MapMan visualisation of DEGs in response to drought stress in leaves and roots of two genotypes under drought stress. Note: Each square represents a gene, blue indicates upregulationand red indicates downregulation. a Metabolic pathway profiles of K55 leaves at 72h of drought stress. b Metabolic pathway profile of K58 leaves at 72h of drought stress. c Metabolic pathways of K55 leaves at 72h of drought stress in drought stress. d Drought stress metabolic pathways of K58 leaves at 72h of drought stress. e Metabolic pathway profile of K55 roots at 72h of drought stress. f Metabolic pathway profile of K58 root system at 72h of drought stress. g Metabolic pathway of drought stress in K55 root system at 72h of drought stress. h Drought stress metabolic pathways in K58 root system at 72h of drought stress. i Photosynthetic metabolic pathway of K55 leaves at 72h of drought stress. j Photosynthetic metabolic pathway of K58 leaves at 72h of drought stress

From the overall metabolic profile, the metabolism and transcription factors of “cell wall”, "terpenes", and "starch and sucrose" were basically the same as those analysed by GO and KEGG. In addition, the number of genes enriched in each metabolic pathway was significantly lower in the roots than in the leaves for both materials.

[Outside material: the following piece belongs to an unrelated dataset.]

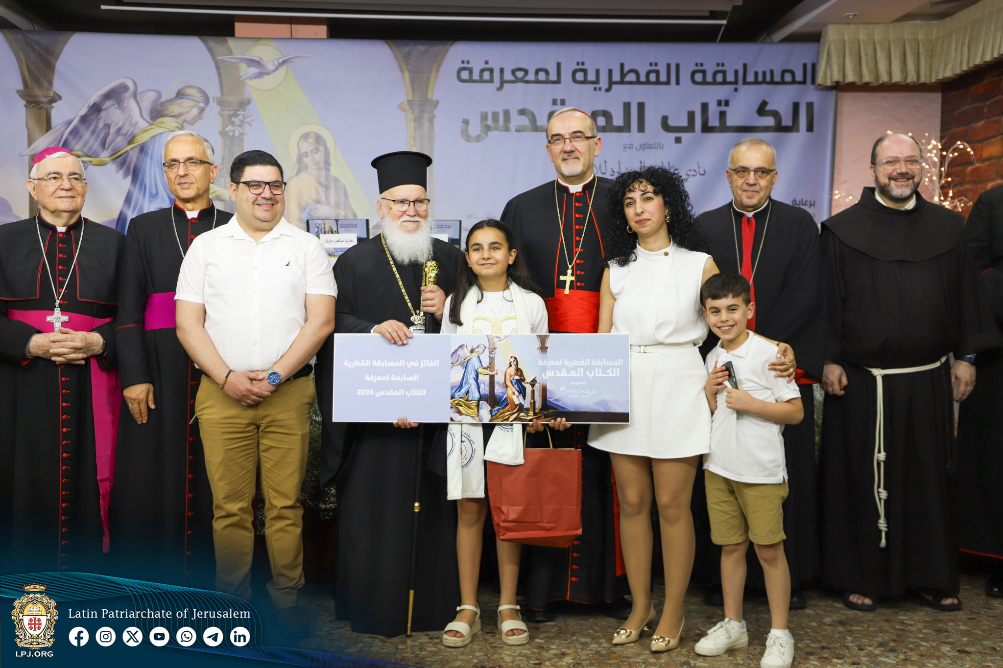 Cette année, 257 candidats de diverses paroisses de Terre Sainte participaient au concours, malgré l'absence de 65 concurrents de Cisjordanie et de Gaza en raison de la situation actuelle du pays. 23 participants de différentes tranches d'âge accédaient à la phase finale, et les lauréats suivants ont remporté le concours : Katrina Nehme Issa, Yasif and Maria Saher Hayek, Majd Azmi Maalouf, Imad Azmi Maalouf, Aida Nicola Creni, Melanie William Deeb, Grace Salim Baba.
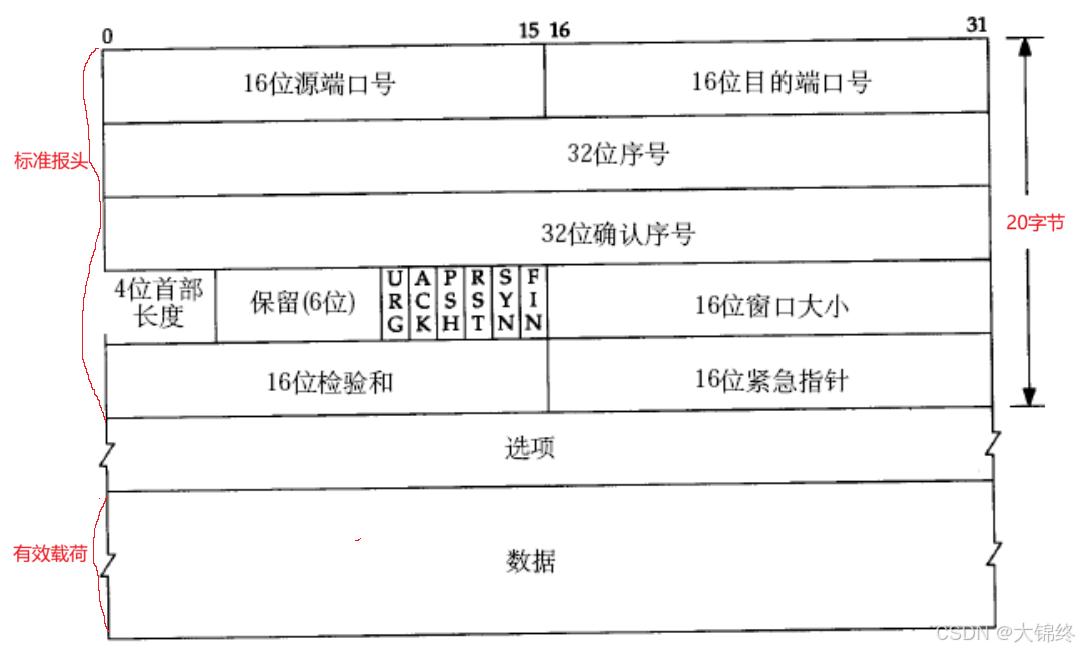 - 4位首部长度中是包含报头选项的,基本单位是字节,表示该TCP头部有多少个32位bit(有多少个4字节); 所以TCP头部最大长度是(二进制表示1111)15 * 4 = 60字节,最小长度为20字节(固定部分)

This suggests that leaves are more sensitive to drought stress and that the regulatory mechanisms involved are more complex. Because of the important roles of phytohormones, redox reactions, and photosynthesis in abiotic stress, we focused on these pathways. We found that only three hormones, auxin, brassinosteroid, and ABA, were enriched under drought stress, and the number of genes enriched in K55 was greater than that in K58. In particular, the difference in the number of ABA-related genes enriched in leaves was highly significant, with 23.08% of the genes upregulated in K58, compared with only 0.01% in K55. In addition, the number of genes enriched in each metabolic pathway was significantly lower in the roots than in the leaves. This suggests that leaves are more sensitive to drought stress than roots and that the regulatory mechanisms involved are more complex. The photosynthesis pathway was enriched with more genes in K58 leaves than in K55 leaves, but the proportion of downregulated genes was greater (Fig. 7).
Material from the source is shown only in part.